◆ **RECORDS FOR THIS EXERCISE**

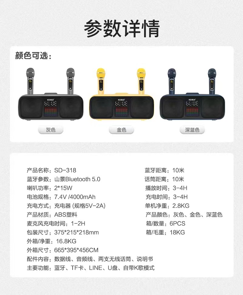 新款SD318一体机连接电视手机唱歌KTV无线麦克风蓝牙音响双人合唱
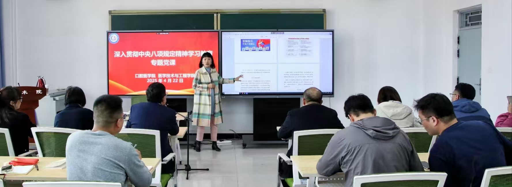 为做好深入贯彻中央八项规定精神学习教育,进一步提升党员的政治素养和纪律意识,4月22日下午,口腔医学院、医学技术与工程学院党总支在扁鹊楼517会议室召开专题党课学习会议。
* * *
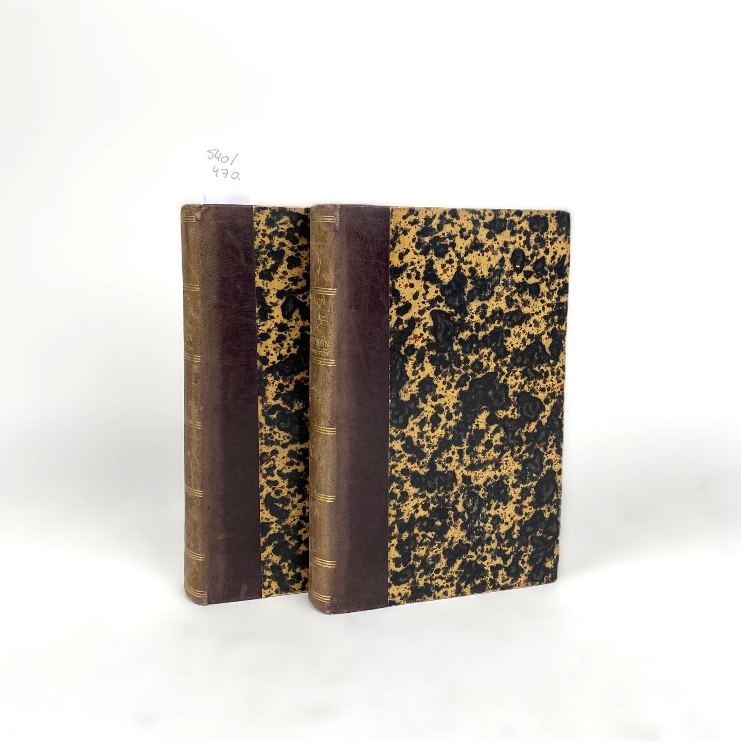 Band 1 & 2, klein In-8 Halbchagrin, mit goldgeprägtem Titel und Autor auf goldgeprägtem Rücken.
---
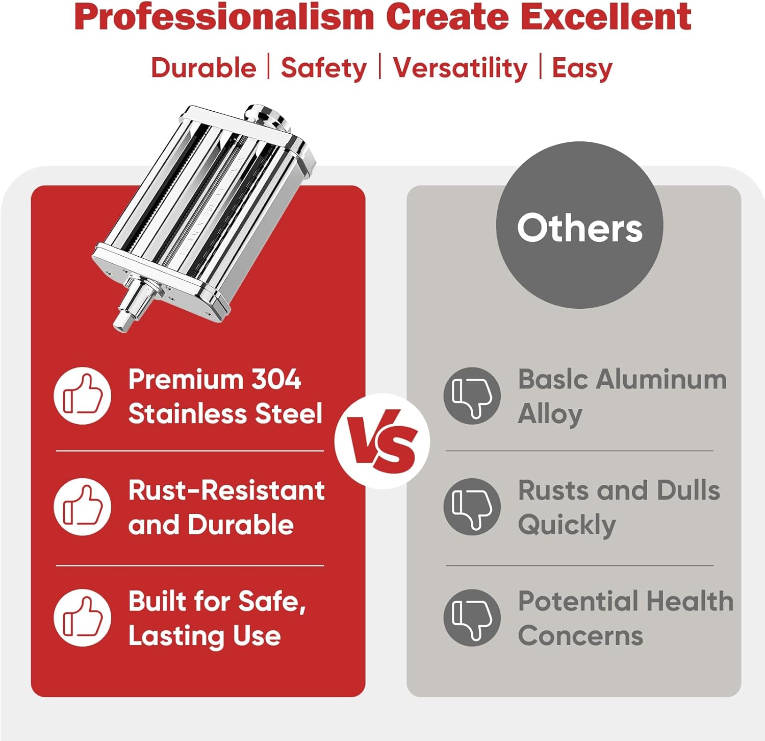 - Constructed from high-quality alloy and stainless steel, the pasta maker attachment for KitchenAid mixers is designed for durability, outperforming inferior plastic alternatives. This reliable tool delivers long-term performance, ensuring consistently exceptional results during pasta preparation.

◆ **EXERCISE**
All that is wanted is the lines above between the one containing "新款SD318一体机连接电视手机唱歌KTV无线麦克风蓝牙音响双人合唱" and the one containing "为做好深入贯彻中央八项规定精", inclusive, restated word for word, with pictures omitted.

◆ **REPLY**
 新款SD318一体机连接电视手机唱歌KTV无线麦克风蓝牙音响双人合唱
 为做好深入贯彻中央八项规定精神学习教育,进一步提升党员的政治素养和纪律意识,4月22日下午,口腔医学院、医学技术与工程学院党总支在扁鹊楼517会议室召开专题党课学习会议。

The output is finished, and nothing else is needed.